- [YOUR INSTRUCTIONS]
Take every record and write it out again exactly, with no images included.

- [Data extracted from a collection]
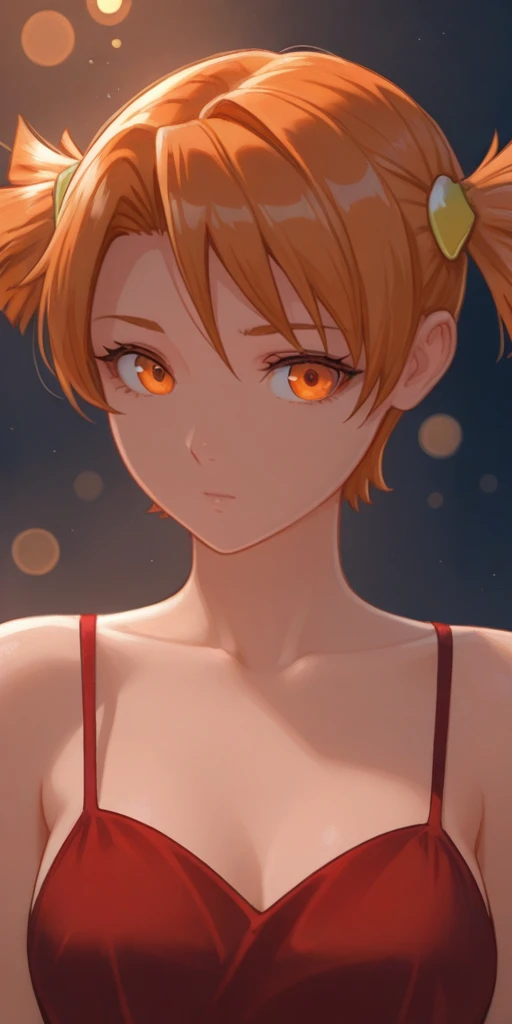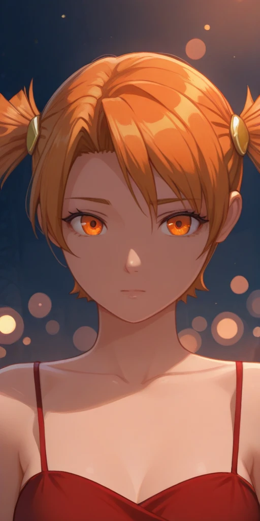 3) Formal dress. To do this, use the following three words: orange hair, orange eyes, short twintails, Red dress.
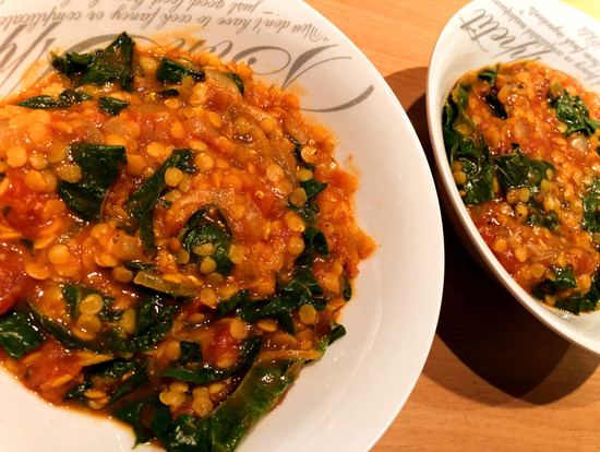 6. Once the lentils are soft, add the chopped spinach and cook for about 2 minutes or until mixed in and cooked.
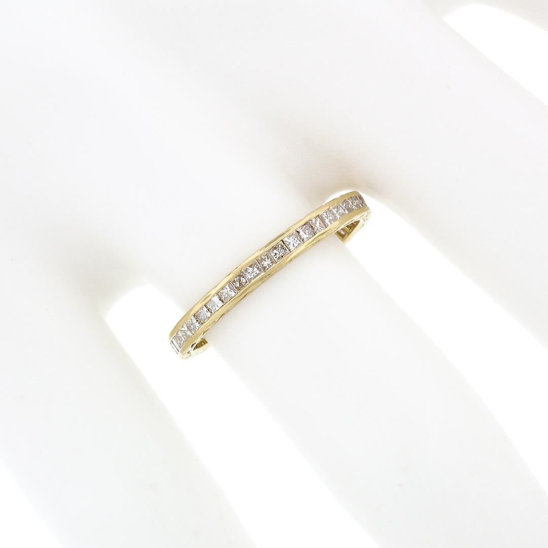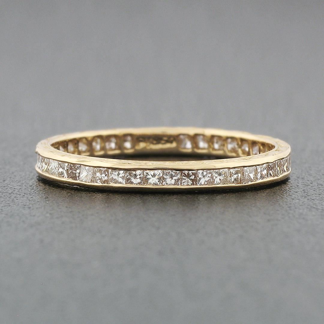A vintage solid 20k yellow gold eternity band ring, with 45 princess cut natrual diamonds (H/I - VS2/SI1 ; 0.70 ctw). The ring is size 6.5, weighs a total of 1.2 grams, and measures 2.3mm wide.
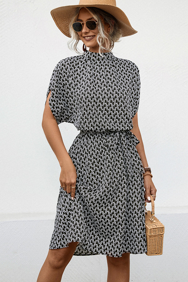 Fashion Printed Ruffle Sleeve Knot Back Mini Dress
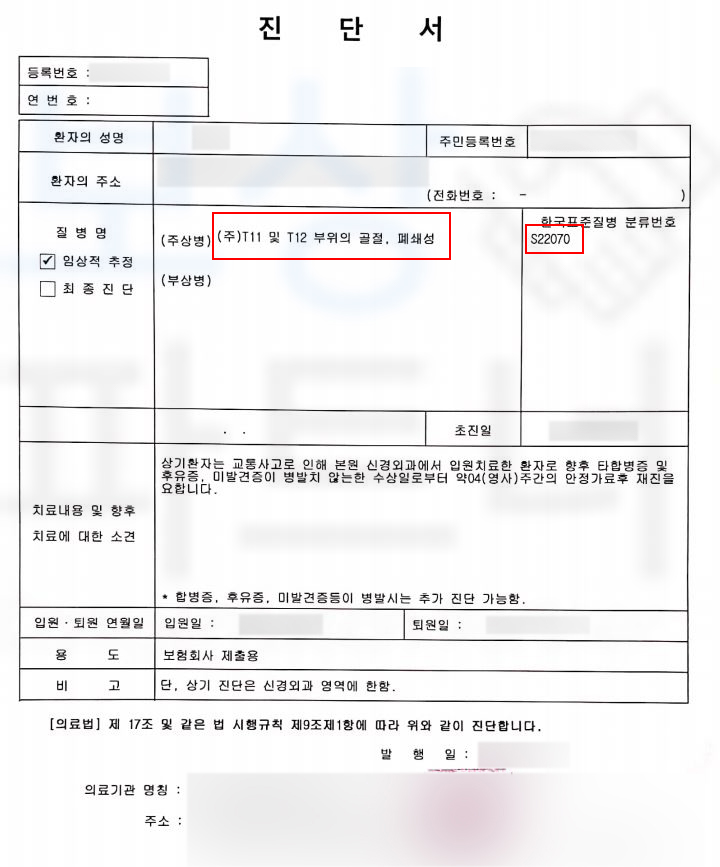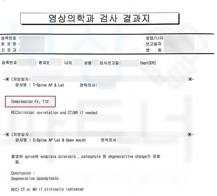보상파트너로 문의해셨던 교통사고 당해 흉추12번 허리뼈 골절된 임@@님 또한
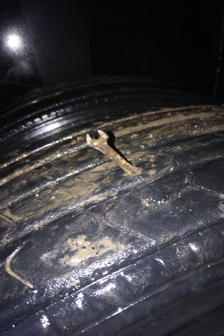 Still trying to figure out how exactly the round end of a wrench managed to poke its way through the tire.![]()
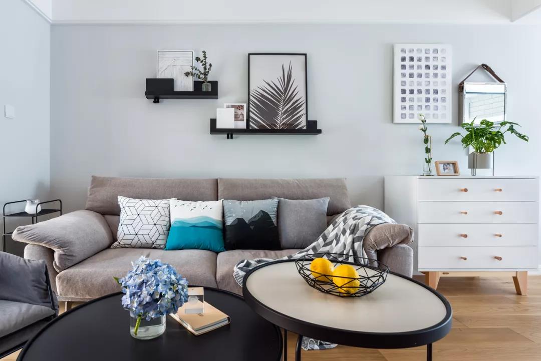 很喜欢墙面的置物架设计,摆放些艺术画特别合适。一旁的斗柜兼具多种功能,好看又实用。

- [EXERCISE SOLUTION]
 3) Formal dress. To do this, use the following three words: orange hair, orange eyes, short twintails, Red dress.
 6. Once the lentils are soft, add the chopped spinach and cook for about 2 minutes or until mixed in and cooked.
A vintage solid 20k yellow gold eternity band ring, with 45 princess cut natrual diamonds (H/I - VS2/SI1 ; 0.70 ctw). The ring is size 6.5, weighs a total of 1.2 grams, and measures 2.3mm wide.
 Fashion Printed Ruffle Sleeve Knot Back Mini Dress
보상파트너로 문의해셨던 교통사고 당해 흉추12번 허리뼈 골절된 임@@님 또한
 Still trying to figure out how exactly the round end of a wrench managed to poke its way through the tire.![]()
 很喜欢墙面的置物架设计,摆放些艺术画特别合适。一旁的斗柜兼具多种功能,好看又实用。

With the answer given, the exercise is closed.